Herein, we detail developments in the scalable fabrication of all-two-dimensional (2D) flexible and transparent photodetectors. These devices were fabricated from chemical vapour deposition derived graphene and tungsten disulphide on poly(ethylene naphthalate) (PEN), a material commonly used as a substrate in flexible electronics. Alternative patterning approaches that are necessitated by the more thermally and chemically sensitive polymer substrates are explored, resulting in several modifications to conventional, silicon-substrate device fabrication approaches. In particular, the relatively new lift-off patterning approach for 2D materials is applied as an alternative to plasma etching due to the deleterious effect of plasma on the PEN substrates. This enabled the observation of a strain-modulated enhancement of photocurrent of up to one order of magnitude, demonstrating the utility of strain engineering to the field of 2D devices—provided it can be controllably applied. Further application of strain led in all cases to permanent failure and loss of photoconductivity, the details of which are explored using scanning electron microscopy. These results provide important details relevant to the fabrication of large-scale arrays of flexible and transparent 2D devices on polymer substrates.

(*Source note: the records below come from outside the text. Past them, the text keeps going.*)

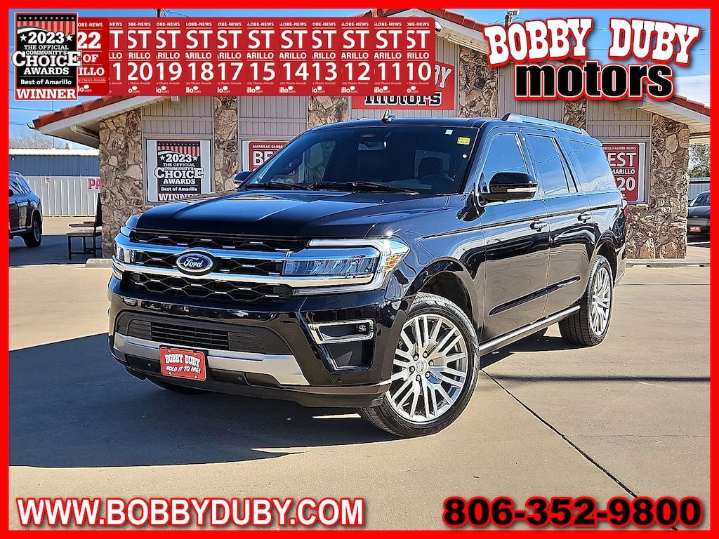 "Recent Arrival!Voted Best Used Car-Truck Dealer 2011201220132014201520172018201920202021202220232024! **NAVIGATION/ GPS/ NAV** **SUNROOF** **LEATHER** **ACCIDENT FREE CARFAX** **BLUE TOOTH - HANDS FREE* **REMOTE START** **BACKUP CAMERA** **CLEAN CARFAX **KEYLESS ENTRY** **HEATED / COOLED SEATS** **RUNNING BOARDS** **SECOND ROW CAPTAINS CHAIRS** $$APPLE CARPLAY$$ **Panoramic Sunroof** Expedition Max Limited EcoBoost 3.5L V6 GTDi DOHC 24V Twin Turbocharged 4WD Mahogany w/Heated & Ventilated Leather Front Captain's Chairs 3rd row seats: split-bench 4-Wheel Disc Brakes Alloy wheels Automatic temperature control Bumpers: body-color Ebony Black Mesh Grille Equipment Group 302A High Package Exterior Parking Camera Rear Four wheel independent suspension Fully automatic headlights Heated & Ventilated Leather Front Captain's Chairs Heated front seats Heated steering wheel Heavy-Duty Independent Suspension Magnetic-Painted Power Deployable Running Boards Navigation system: Connected Navigation Power driver seat Power Liftgate Power moonroof Power windows Power-Folding Sideview Mirrors w/Autofold Radio: B&O Sound System by Bang & Olufsen Rear air conditioning Rear window defroster Reclining 3rd row seat Remote keyless entry Security system SiriusXM w/360L Speed control Speed-sensing steering Steering wheel memory Steering wheel mounted audio controls SYNC 4 w/Enhanced Voice Recognition Tilt steering wheel Ventilated front seats Wheels: 22""12-Spoke Polished Aluminum.Voted Best of Amarillo Used Car / Truck Dealer 2011 2012 2013 2014 2015 2017 2018 2019 2020 2021 2022 2023 2024! Huge Thank You to all of our customers that take the time to vote for us! We appreciate each and everyone of you!!!Bobby Duby Motors - Voted Best of Amarillo Used Car/Truck Dealer! 14 Years !"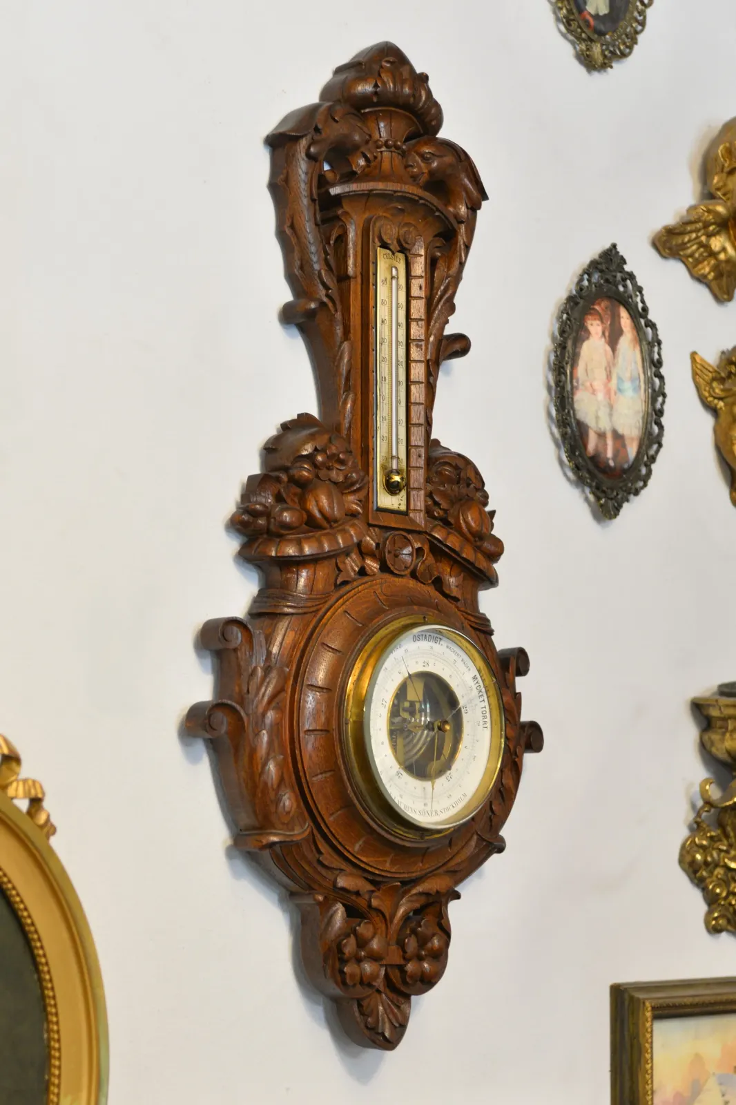 - barometr posiada przepiękną formę zdobioną wyjątkowo bogatą rzeźbą z ornamentami roślinnymi
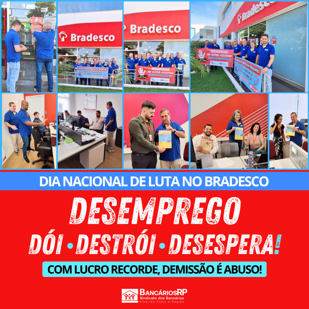 Bancários de todo o país realizaram, nesta terça-feira (17), o Dia Nacional de Luta contra as demissões no Bradesco. A mobilização, organizada pelo movimento sindical, teve como foco denunciar a eliminação de postos de trabalho promovida pelo banco.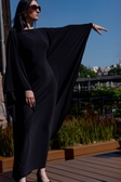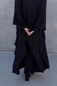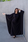 Szeroka, zwiewna abaja w stylu „butterfly” to kwintesencja subtelności, swobody i orientalnego wdzięku. Lekki fason z efektem rozpostartych skrzydeł daje poczucie przestrzeni i lekkości, czyniąc tę suknię idealnym wyborem zarówno na co dzień, jak i na wyjątkowe okazje.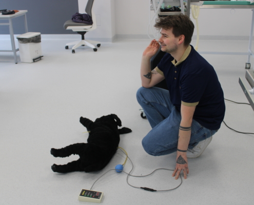 Integralną częścią szkolenia była sesja pokazowa z udziałem żywych zwierząt, przyprowadzonych przez jedną z uczestniczek. Pokaz miał charakter edukacyjny i nie obejmował procedur inwazyjnych — skupiono się na praktycznym rozmieszczeniu czujników, właściwej ergonomii pracy i analizie parametrów u realnego pacjenta.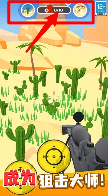 上方击杀目标提示:画面顶部显示当前目标数量“0/10”,即为你本关必须击杀的敌人数量,务必精准计数,避免漏网之鱼。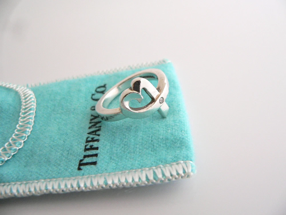 Overview: Guys, listen up! Now you can show your love without ever saying a word! Believe me, she will know! :) Offered for sale is a very pretty Tiffany and Co. Paloma Picasso sterling silver and Diamond Loving Heart ring. Looks very feminine and pretty on the fingers, this ring is surely one that you will use over and over again. It is very versatile, comfortable to wear, and super pretty! Easily sizable due to the way it is made. Great piece to start or add to your Tiffany collection. The ring is fully hallmarked and is guaranteed to be 100% authentic. It will come with its Tiffany pouch as shown! Perfect and ready for gifting! Wonderful present for yourself or anyone you love! Will surely delight! Particulars: Size & Measurements: The ring is a size 6.75 Metal & Hallmarks: Tiffany & Co. / Paloma Picasso / 925 Solid 925 sterling silver and a bright sparkly diamond Please check out my other unique and interesting Tiffany items on sale.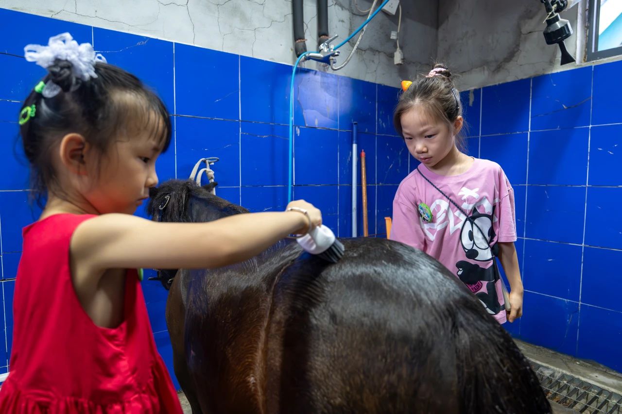 在保育員指導下為矮馬沖涼、刷背,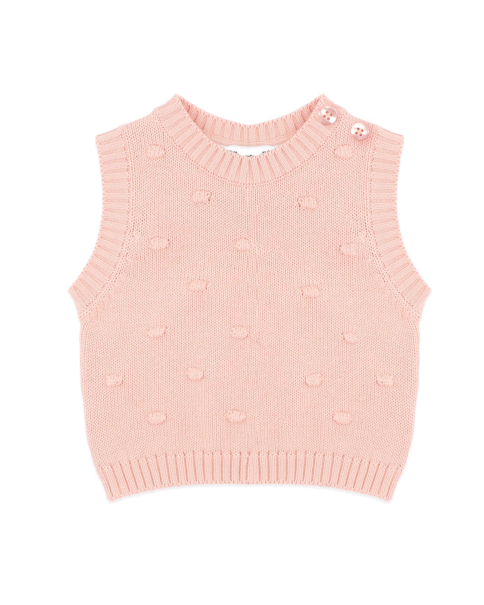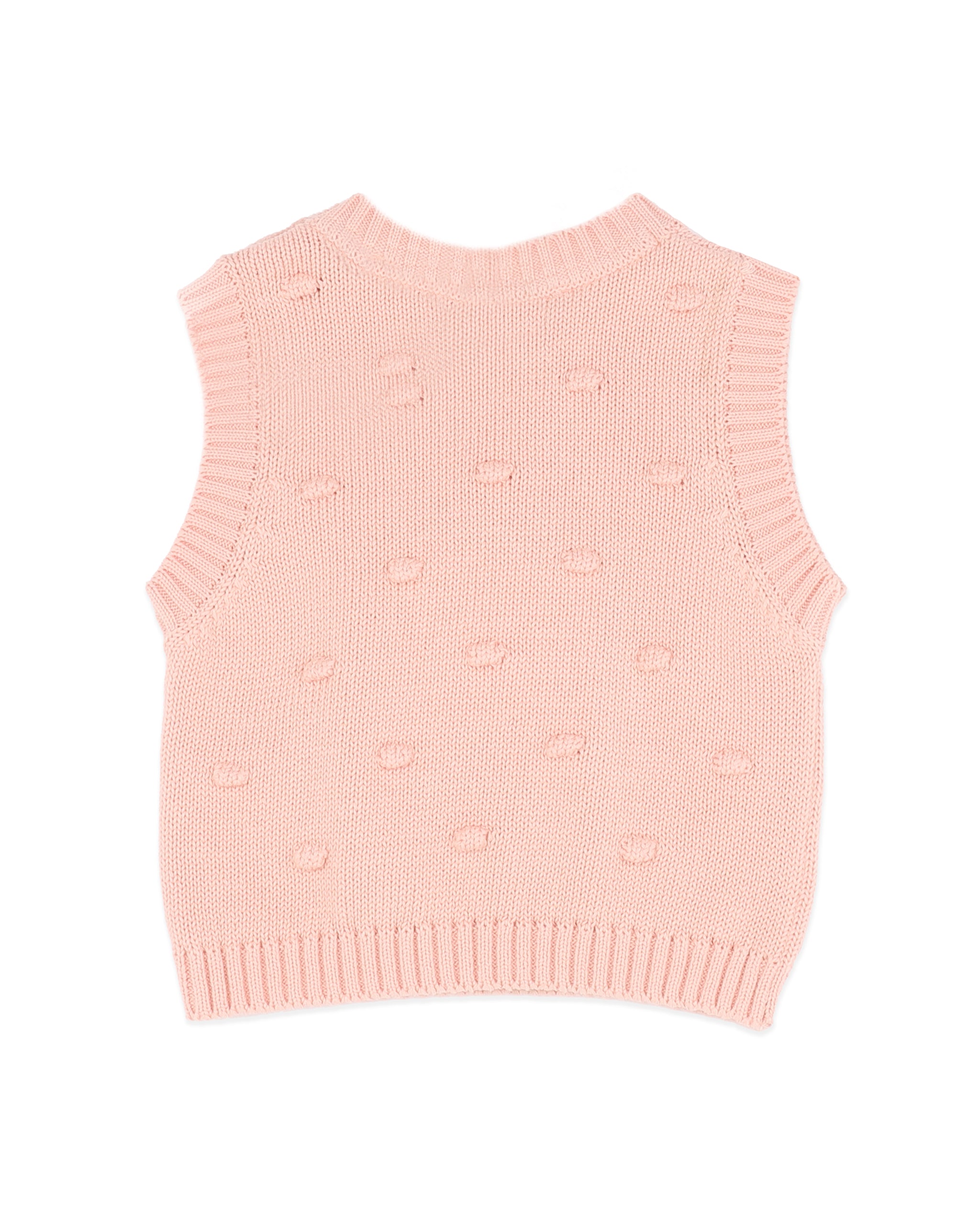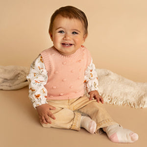 A sweet little layer designed for cooler days and cosy moments, this bobble knit vest is crafted from beautifully soft organic cotton with a touch of wool for warmth. Finished in a gentle blush tone, the textured bobble knit adds subtle charm while keeping things timeless and easy to wear. Perfect for layering over tees, bodysuits or knits, it’s a thoughtful piece made for comfort, softness and everyday wear.

本文中，我们详细介绍了可扩展制造的全二维（2D）柔性和透明光电探测器的发展。这些器件由化学气相沉积衍生的石墨烯和二硫化钨在聚萘二甲酸乙二醇酯（PEN）上制造而成，而聚萘二甲酸乙二醇酯通常用作柔性电子设备的基板。探索了对热和化学敏感性更高的聚合物衬底所必需的替代构图方法，从而对传统的硅衬底器件制造方法进行了多种修改。特别地，由于等离子体在PEN衬底上的有害影响，因此将相对新的用于2D材料的剥离图案化方法用作等离子体蚀刻的替代方法。这使得观察到的光电流应变调制增强高达一个数量级，从而证明了应变工程在2D设备领域的实用性—只要它可以可控制地应用。在所有情况下，进一步施加应变都会导致永久性破坏和光电导性损失，可使用扫描电子显微镜探讨其细节。这些结果提供了与在聚合物基底上大规模制造柔性和透明2D器件阵列有关的重要细节。